I want to run these through an OpenCV Cascade Classifier, similar to docs.opencv.org/trunk/d7/d8b/tutorial_py_face_detection.html, but instead with these github.com/ankitdhall/Google-Street-View-House-Numbers-Digit-Localization.
Here is my attempt:
data = p.load_file('data/train_sequences00.pickle')
zero = cv2.CascadeClassifier('data/Google-Street-View-House-Numbers-Digit-Localization/cascades/cascade0/cascade.xml')
one = cv2.CascadeClassifier('data/Google-Street-View-House-Numbers-Digit-Localization/cascades/cascade1/cascade.xml')
two = cv2.CascadeClassifier('data/Google-Street-View-House-Numbers-Digit-Localization/cascades/cascade2/cascade.xml')
three = cv2.CascadeClassifier('data/Google-Street-View-House-Numbers-Digit-Localization/cascades/cascade3/cascade.xml')
four = cv2.CascadeClassifier('data/Google-Street-View-House-Numbers-Digit-Localization/cascades/cascade4/cascade.xml')
five = cv2.CascadeClassifier('data/Google-Street-View-House-Numbers-Digit-Localization/cascades/cascade5/cascade.xml')

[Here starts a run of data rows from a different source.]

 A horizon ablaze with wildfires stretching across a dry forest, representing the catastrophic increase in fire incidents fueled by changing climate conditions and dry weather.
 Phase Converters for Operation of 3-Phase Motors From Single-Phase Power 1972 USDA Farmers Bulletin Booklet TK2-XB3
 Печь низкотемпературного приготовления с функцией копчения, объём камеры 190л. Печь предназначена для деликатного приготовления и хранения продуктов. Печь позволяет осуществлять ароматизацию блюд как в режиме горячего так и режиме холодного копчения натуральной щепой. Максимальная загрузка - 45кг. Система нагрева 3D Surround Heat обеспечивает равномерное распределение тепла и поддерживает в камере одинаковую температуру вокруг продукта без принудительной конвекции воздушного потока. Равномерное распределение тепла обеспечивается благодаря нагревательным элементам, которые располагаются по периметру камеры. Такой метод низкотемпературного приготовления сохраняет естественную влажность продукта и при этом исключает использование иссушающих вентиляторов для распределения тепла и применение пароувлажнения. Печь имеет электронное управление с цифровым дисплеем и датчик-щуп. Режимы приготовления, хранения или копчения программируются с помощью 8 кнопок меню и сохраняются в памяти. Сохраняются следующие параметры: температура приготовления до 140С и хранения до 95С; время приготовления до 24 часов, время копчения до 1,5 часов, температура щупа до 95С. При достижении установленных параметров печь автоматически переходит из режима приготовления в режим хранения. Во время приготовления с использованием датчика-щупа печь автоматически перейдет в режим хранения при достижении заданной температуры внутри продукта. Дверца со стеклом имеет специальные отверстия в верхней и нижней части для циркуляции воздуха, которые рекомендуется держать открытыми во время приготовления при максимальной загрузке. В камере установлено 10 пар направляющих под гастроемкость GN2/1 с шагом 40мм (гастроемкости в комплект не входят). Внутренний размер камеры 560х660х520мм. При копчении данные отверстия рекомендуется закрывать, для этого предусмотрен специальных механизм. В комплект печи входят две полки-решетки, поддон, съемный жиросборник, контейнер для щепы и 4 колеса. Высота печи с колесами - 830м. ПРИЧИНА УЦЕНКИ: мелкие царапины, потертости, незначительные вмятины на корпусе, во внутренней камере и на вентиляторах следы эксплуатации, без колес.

six = cv2.CascadeClassifier('data/Google-Street-View-House-Numbers-Digit-Localization/cascades/cascade6/cascade.xml')
seven = cv2.CascadeClassifier('data/Google-Street-View-House-Numbers-Digit-Localization/cascades/cascade7/cascade.xml')
eight = cv2.CascadeClassifier('data/Google-Street-View-House-Numbers-Digit-Localization/cascades/cascade8/cascade.xml')

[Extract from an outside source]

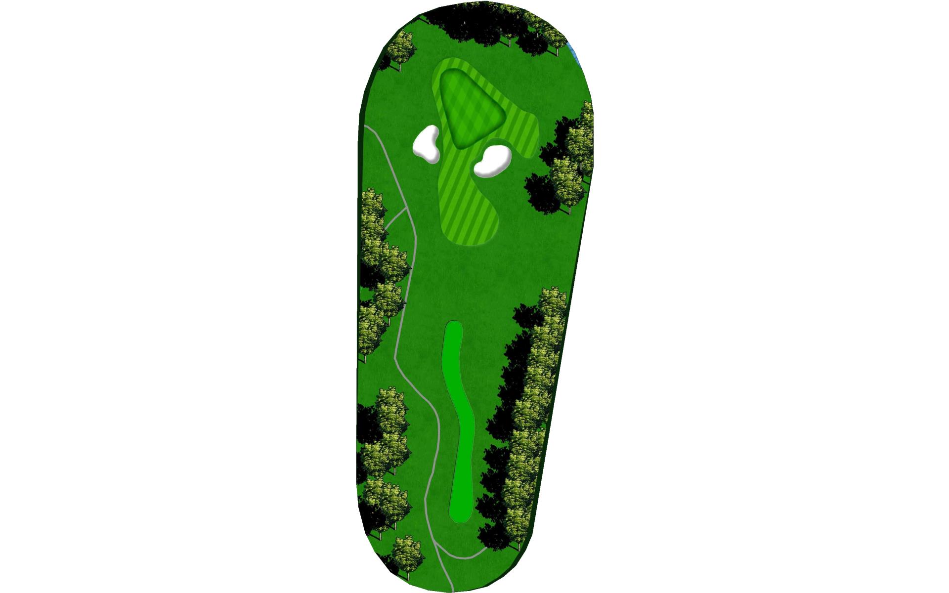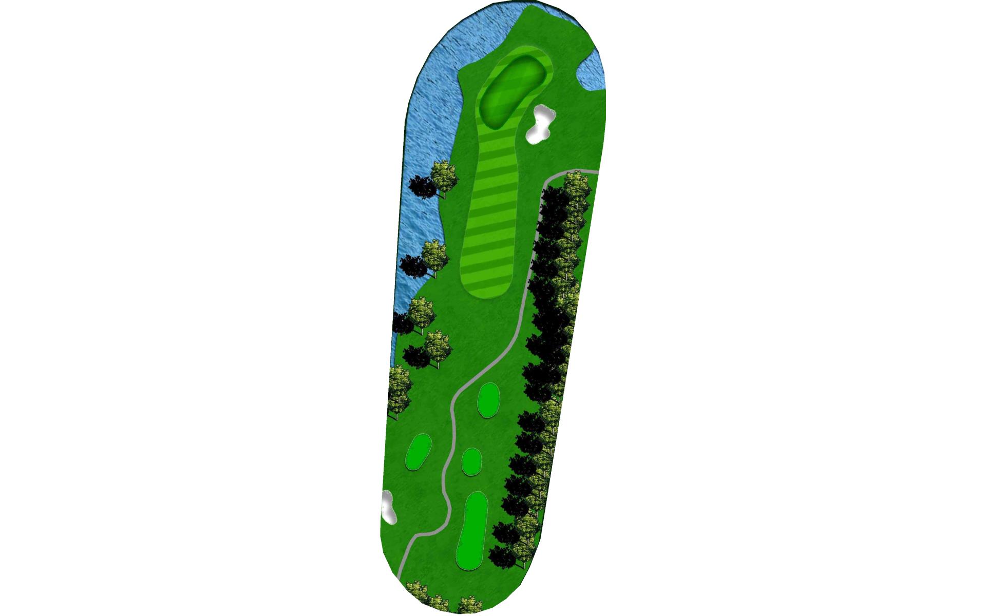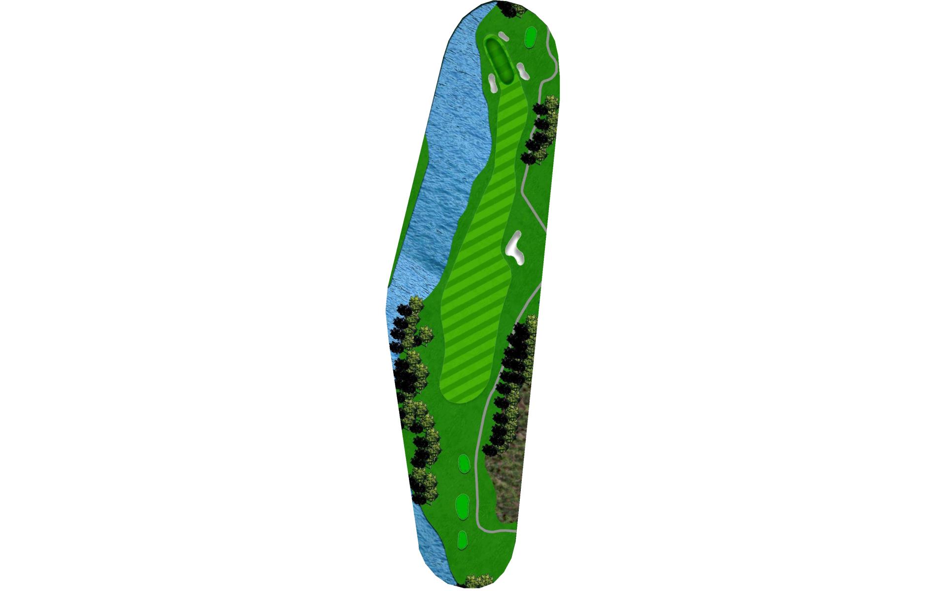 The first Par 3 with a deep green that has some tricky slopes. Do not leave yourself a downhill put here.

nine = cv2.CascadeClassifier('data/Google-Street-View-House-Numbers-Digit-Localization/cascades/cascade9/cascade.xml')
gray = np.array(data['sequences'][0]).astype(np.float32)

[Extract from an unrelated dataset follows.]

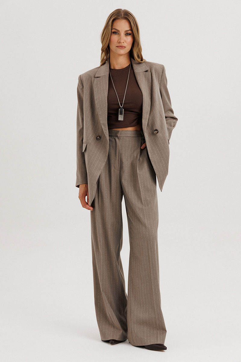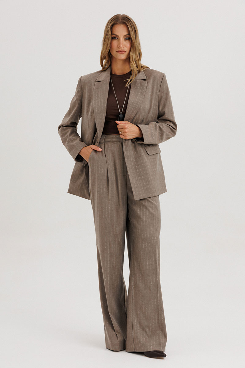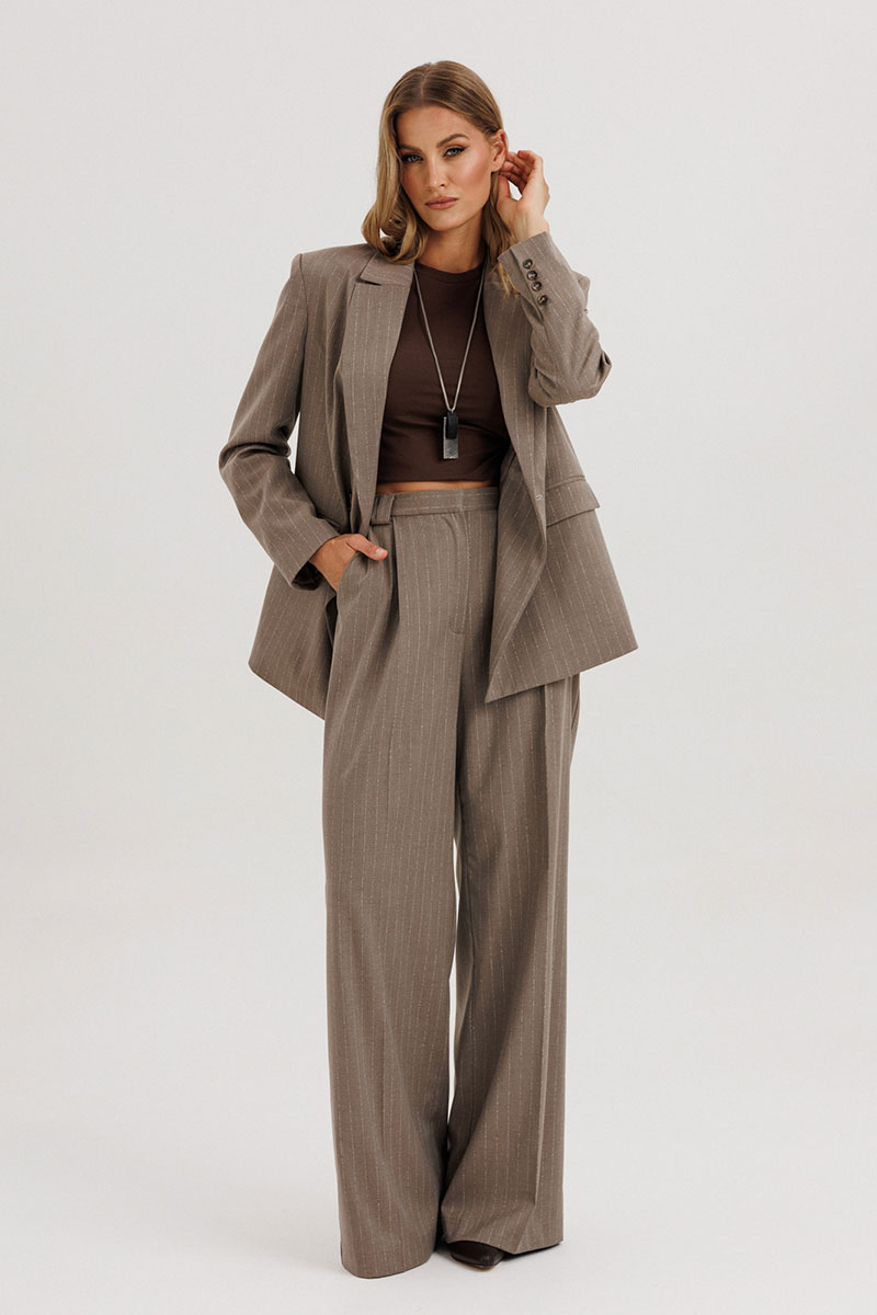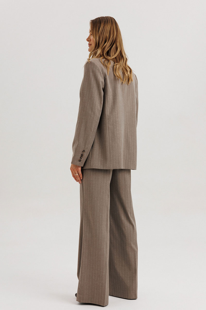 Брюки - палаццо с застежкой с гульфиком и откоском на тесьму-молнию; с притачным поясом с резинкой по спинке. Пояс со шлевками (2 широкие -по переду и 3 узких по спинке). Пояс застегивается на потайной крючок. Передние половинки брюк со складками и боковыми карманами. Задние половинки брюк с талиевыми вытачками.

gray = cv2.cvtColor(gray, cv2.COLOR_GRAY2BGR)
#gray = cv2.cvtColor(img, cv2.CV_RGB2GRAY)
zeros = zero.detectMultiScale(gray, 1.3, 5, scaleFactor=0.6)
ones = one.detectMultiScale(gray, 1.3, 5, scaleFactor=0.6)
twos = two.detectMultiScale(gray, 1.3, 5, scaleFactor=0.6)
threes = three.detectMultiScale(gray, 1.3, 5, scaleFactor=0.6)
fours = four.detectMultiScale(gray, 1.3, 5, scaleFactor=0.6)
fives = five.detectMultiScale(gray, 1.3, 5, scaleFactor=0.6)
sixes = size.detectMultiScale(gray, 1.3, 5, scaleFactor=0.6)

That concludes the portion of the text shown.